Epidemiological surveys of malaria currently rely on microscopy, polymerase chain reaction assays (PCR) or rapid diagnostic test kits for Plasmodium infections (RDTs). This study investigated whether mid-infrared (MIR) spectroscopy coupled with supervised machine learning could constitute an alternative method for rapid malaria screening, directly from dried human blood spots.
Filter papers containing dried blood spots (DBS) were obtained from a cross-sectional malaria survey in 12 wards in southeastern Tanzania in 2018/19. The DBS were scanned using attenuated total reflection-Fourier Transform Infrared (ATR-FTIR) spectrometer to obtain high-resolution MIR spectra in the range 4000 cm−1 to 500 cm−1. The spectra were cleaned to compensate for atmospheric water vapour and CO2 interference bands and used to train different classification algorithms to distinguish between malaria-positive and malaria-negative DBS papers based on PCR test results as reference. The analysis considered 296 individuals, including 123 PCR-confirmed malaria positives and 173 negatives. Model training was done using 80% of the dataset, after which the best-fitting model was optimized by bootstrapping of 80/20 train/test-stratified splits. The trained models were evaluated by predicting Plasmodium falciparum positivity in the 20% validation set of DBS.

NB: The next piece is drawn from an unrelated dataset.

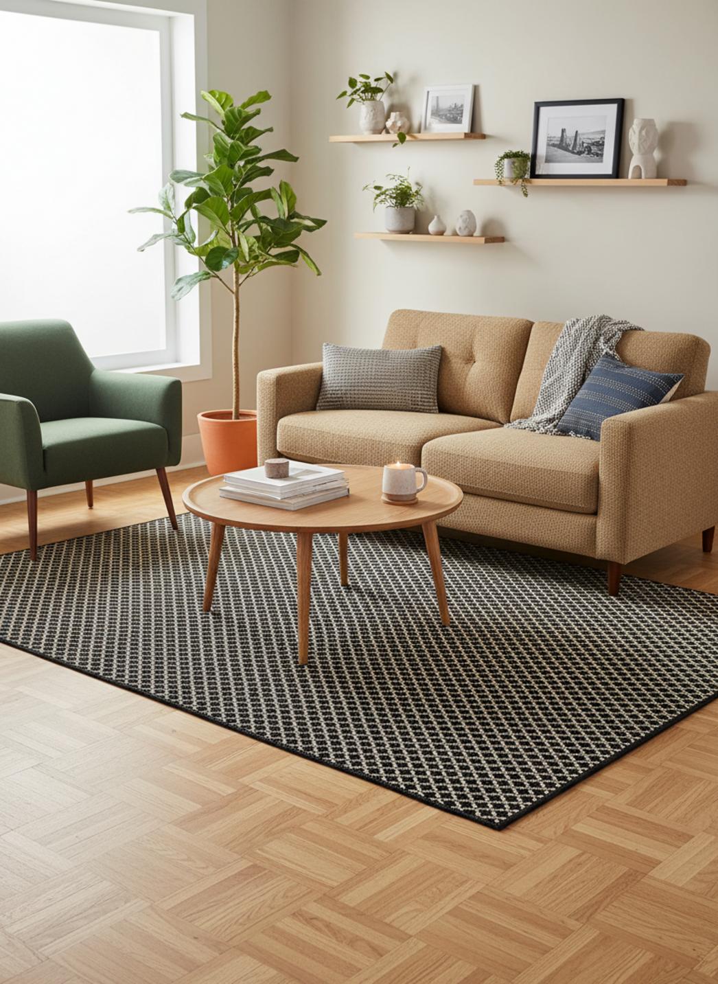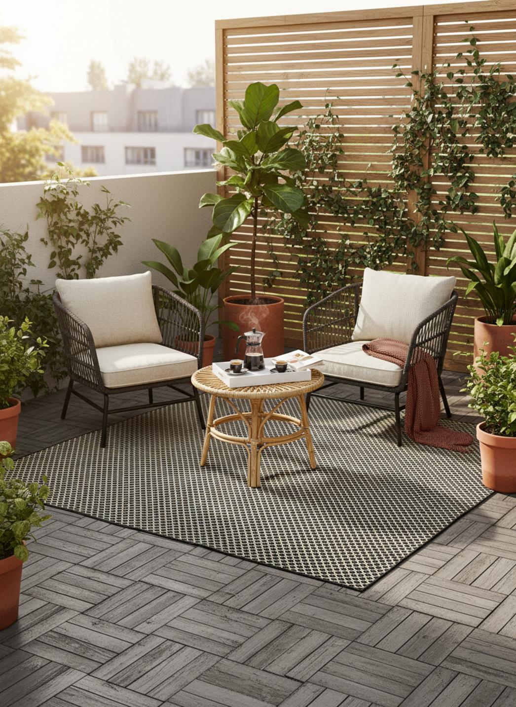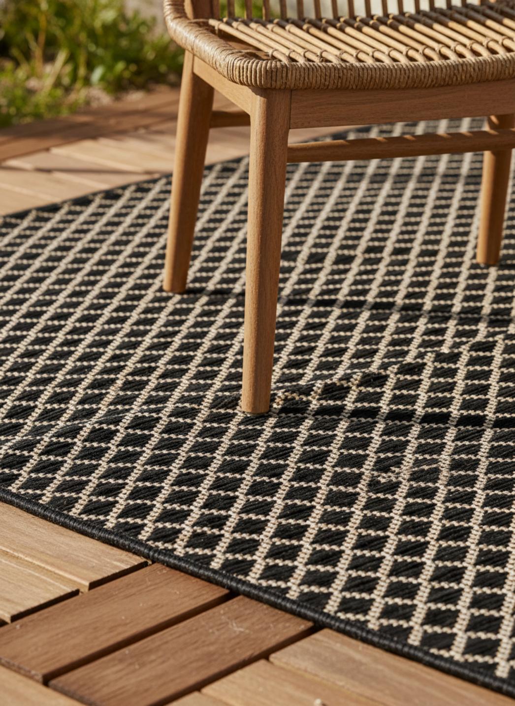 Dans un jeu subtil de contrastes, ce tapis moderne à motif losange noir attire le regard par son graphisme affirmé et sa sobriété élégante. Son format de 80x150 cm en fait un choix idéal pour structurer un balcon, un couloir extérieur ou une entrée de terrasse. Le noir, profond et intemporel, dessine des lignes nettes sur un fond clair, créant une dynamique visuelle à la fois contemporaine et raffinée. Chaque losange semble tracer un rythme géométrique, rappelant l’équilibre des motifs nordiques revisités dans un esprit urbain. Ce tapis d’extérieur définit avec justesse les espaces de passage tout en apportant une touche de caractère à la décoration. Sa petite dimension le rend pratique et élégant, parfait pour ajouter de la texture et du contraste sans alourdir la scène. Il incarne cette modernité sobre où la forme devient lumière, et où le noir, loin d’assombrir, révèle la force tranquille du design.

Logistic regression was the best-performing model. Considering PCR as reference, the models attained overall accuracies of 92% for predicting P. falciparum infections (specificity = 91.7%; sensitivity = 92.8%) and 85% for predicting mixed infections of P. falciparum and Plasmodium ovale (specificity = 85%, sensitivity = 85%) in the field-collected specimen.
These results demonstrate that mid-infrared spectroscopy coupled with supervised machine learning (MIR-ML) could be used to screen for malaria parasites in human DBS. The approach could have potential for rapid and high-throughput screening of Plasmodium in both non-clinical settings (e.g., field surveys) and clinical settings (diagnosis to aid case management). However, before the approach can be used, we need additional field validation in other study sites with different parasite populations, and in-depth evaluation of the biological basis of the MIR signals. Improving the classification algorithms, and model training on larger datasets could also improve specificity and sensitivity. The MIR-ML spectroscopy system is physically robust, low-cost, and requires minimum maintenance.